» RECORDED DATA
>>>>>
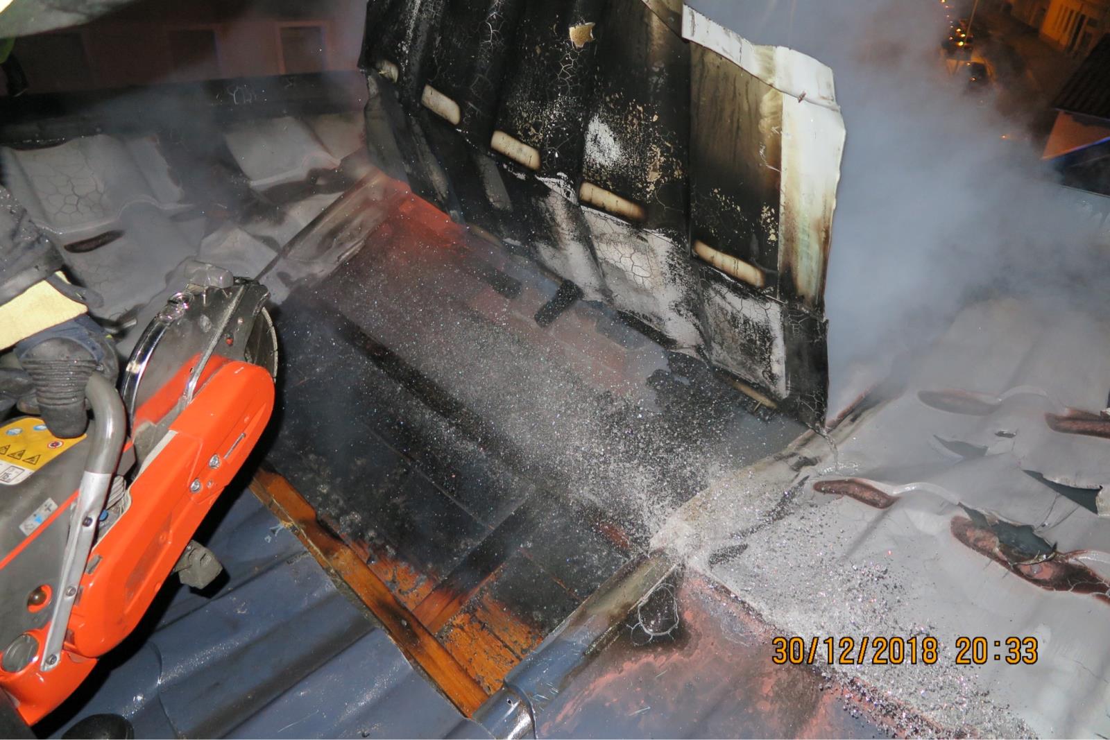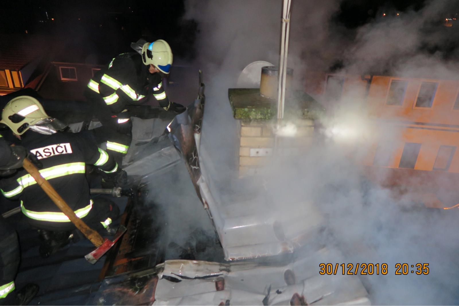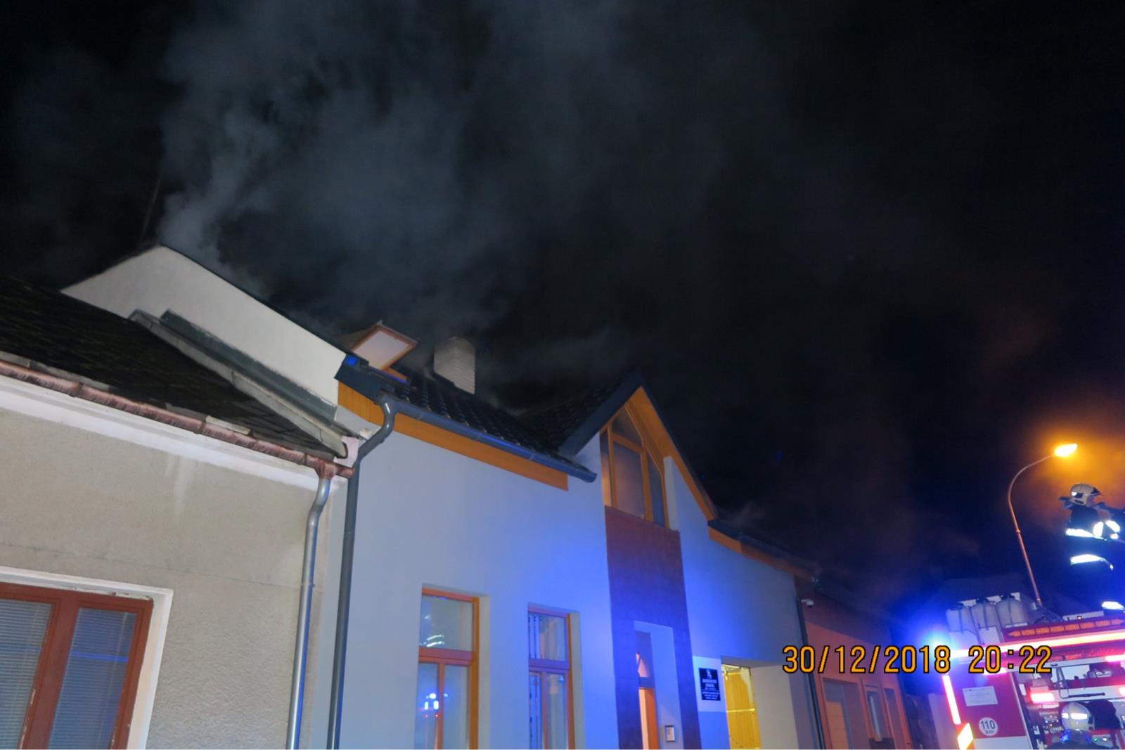 V době příjezdu se ze střechy valil hustý kouř, průzkumem hasiči nalezli rozšiřující se hoření již části střechy.
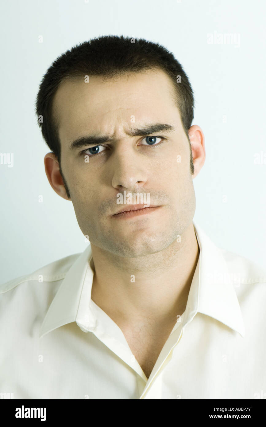 Man Furrowing Brow Portrait Stock Photo 12871358 Alamy
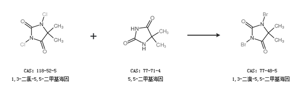 1.通过5,5-二甲基海因合成1,3-二溴-5,5-二甲基海因,收率约99%;
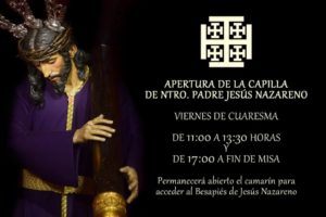Hoy viernes 8 de marzo, no habrá misa de Jesús al coincidir con el triduo de la Hermandad de la Divina Misericordia.  Informar que durante los viernes de cuaresma el camarin y la capilla permanecerán abiertos por la mañana en horario de 11:00 a 13:00 horas y por la tarde de 17:00 a 21:000 horas. Como cada día el Señor espera nuestra oración y ofrenda.
<<<<<
» WHAT TO WORK ON
An exact copy of the listing above is to be set down, with no pictures in it.

» RESPONSE FOR THIS EXERCISE
 V době příjezdu se ze střechy valil hustý kouř, průzkumem hasiči nalezli rozšiřující se hoření již části střechy.
 Man Furrowing Brow Portrait Stock Photo 12871358 Alamy
 1.通过5,5-二甲基海因合成1,3-二溴-5,5-二甲基海因,收率约99%;
Hoy viernes 8 de marzo, no habrá misa de Jesús al coincidir con el triduo de la Hermandad de la Divina Misericordia.  Informar que durante los viernes de cuaresma el camarin y la capilla permanecerán abiertos por la mañana en horario de 11:00 a 13:00 horas y por la tarde de 17:00 a 21:000 horas. Como cada día el Señor espera nuestra oración y ofrenda.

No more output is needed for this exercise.